Controlling the corrosion rate of implants to maintain mechanical properties during tissue healing is significant in developing magnesium alloy implants. In addition to surface treatment and material properties, the study of geometric alteration and mechanical strength are also vital for implant development. In this study, we developed a three-dimensional model for semi-autonomous computational pitting corrosion. It is based on the Monte Carlo method, modeling magnesium alloy implants toward clinical application. The corrosion probability is based on the number of exposed surfaces to saline and the oxidation characteristics of the elements. The computational results are well compared with the experimental measurement using micro-computed tomography (micro-CT) in 500 h.

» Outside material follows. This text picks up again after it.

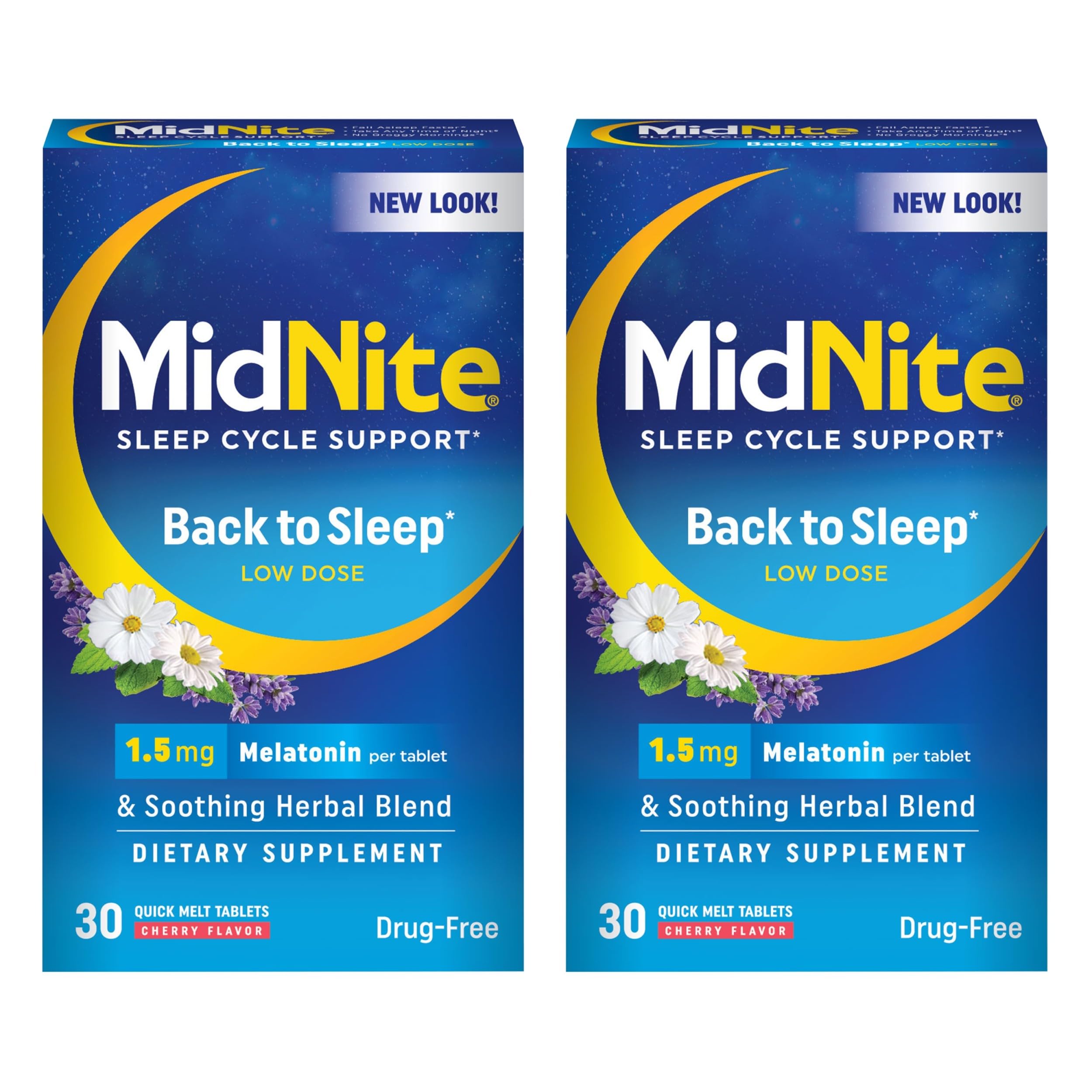 Fall asleep faster with MidNite! A drug-free dietary supplement, MidNite Back to Sleep Low Dose melatonin sleep aid is for adults 18 and over who suffer from occasional sleeplessness. Soothing and effective, it contains 1.5 mg of melatonin to help activate your natural sleep-wake cycle and our natural botanical blend of lemon balm, chamomile, and lavender to promote relaxation and sleep. MidNite Low Dose cherry-flavored quick melt tablets provide a dose of melatonin to help you fall asleep faster and wake up refreshed, not groggy. Non-habit forming, MidNight Low Dose is drug-free, gluten-free, lactose-free, vegetarian, and vegan. It can be taken at any time of the night (please allow for at least 3 hours of sleep after taking) and wake refreshed, with no grogginess. Not intended for long-term or continuous use. These statements have not been evaluated by the Food and Drug Administration. This product is not intended to diagnose, treat, cure, or prevent any disease.

Subsequently, the computational analysis is extended to 3,000 h of corrosion analysis. The 3D model appears promising to assist the development of biodegradable implants.

Introduction

Magnesium (Mg) alloys are prospective biodegradable materials for medical applications in recent years. The alloys have low density, biocompatibility, and mechanical and biodegradable properties comparable to human bones (Soya et al., 2014; Živić et al., 2014; Bowen et al., 2018). Magnesium bone implants can minimize the effects of stress shielding in traditional metallic implants (Xu et al., 2007). Biodegradable magnesium alloy stents have a better bracing force and tissue compatibility than absorbable polymer stents (Li et al., 2019). However, there remains difficulty to control the corrosion rate of implants. Magnesium alloys corrode too fast for maintaining mechanical properties, and the implant function before tissue regeneration and healing are well developed (Song and Song, 2007; Kirkland et al., 2012; Kirkland and Birbilis, 2014).

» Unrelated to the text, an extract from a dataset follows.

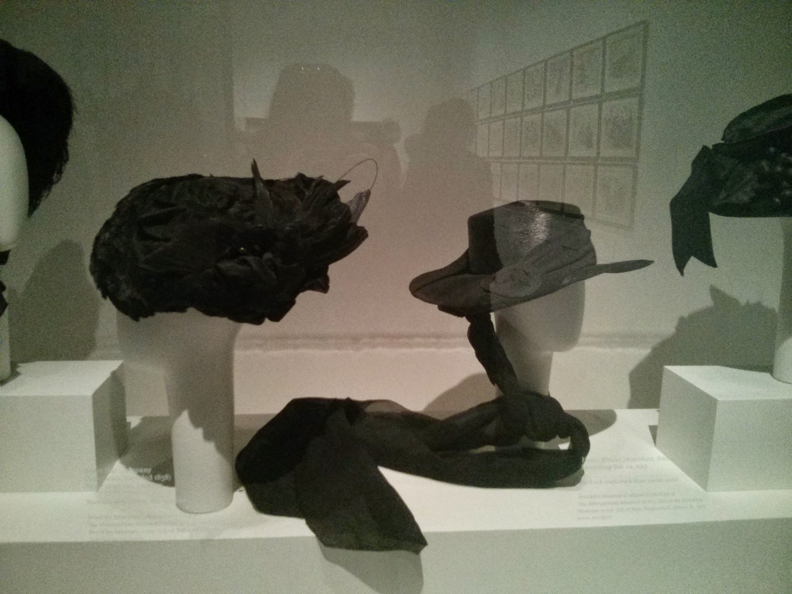 The exhibit leads through over a century of mourning fashion, focusing heavily on women’s fashions, as women were expected to bear the brunt of mourning for the family. I focused on many of the fashions of the latter-half of the 19th century for my research for Moira, as the illustrations in the Unhallowed Metropolis book seem to draw from the narrower silhouettes of the time. These are just a handful of the photos I took – turns out black fashion is difficult to photograph on a cell phone in a dim room.

Bioengineering strategies for controlling the corrosion rate of Mg alloys were discussed in many studies on surface modification (Li et al., 2013; Córdoba et al., 2016), element alloying (Hort et al., 2010; Jin et al., 2015), and microstructure modification (Wu et al., 2017). Improvements in corrosion resistance and implant surfaces remain the main tasks in research and development. The spatial characteristics are also important factors affecting the mechanical behaviors of the implant. Pitting corrosion could cause stress concentration and crack formation (Suresh, 1998; Gu et al., 2010), leading toward peeling off, fragmented fracture (Li et al., 2016), and the collapse of implants.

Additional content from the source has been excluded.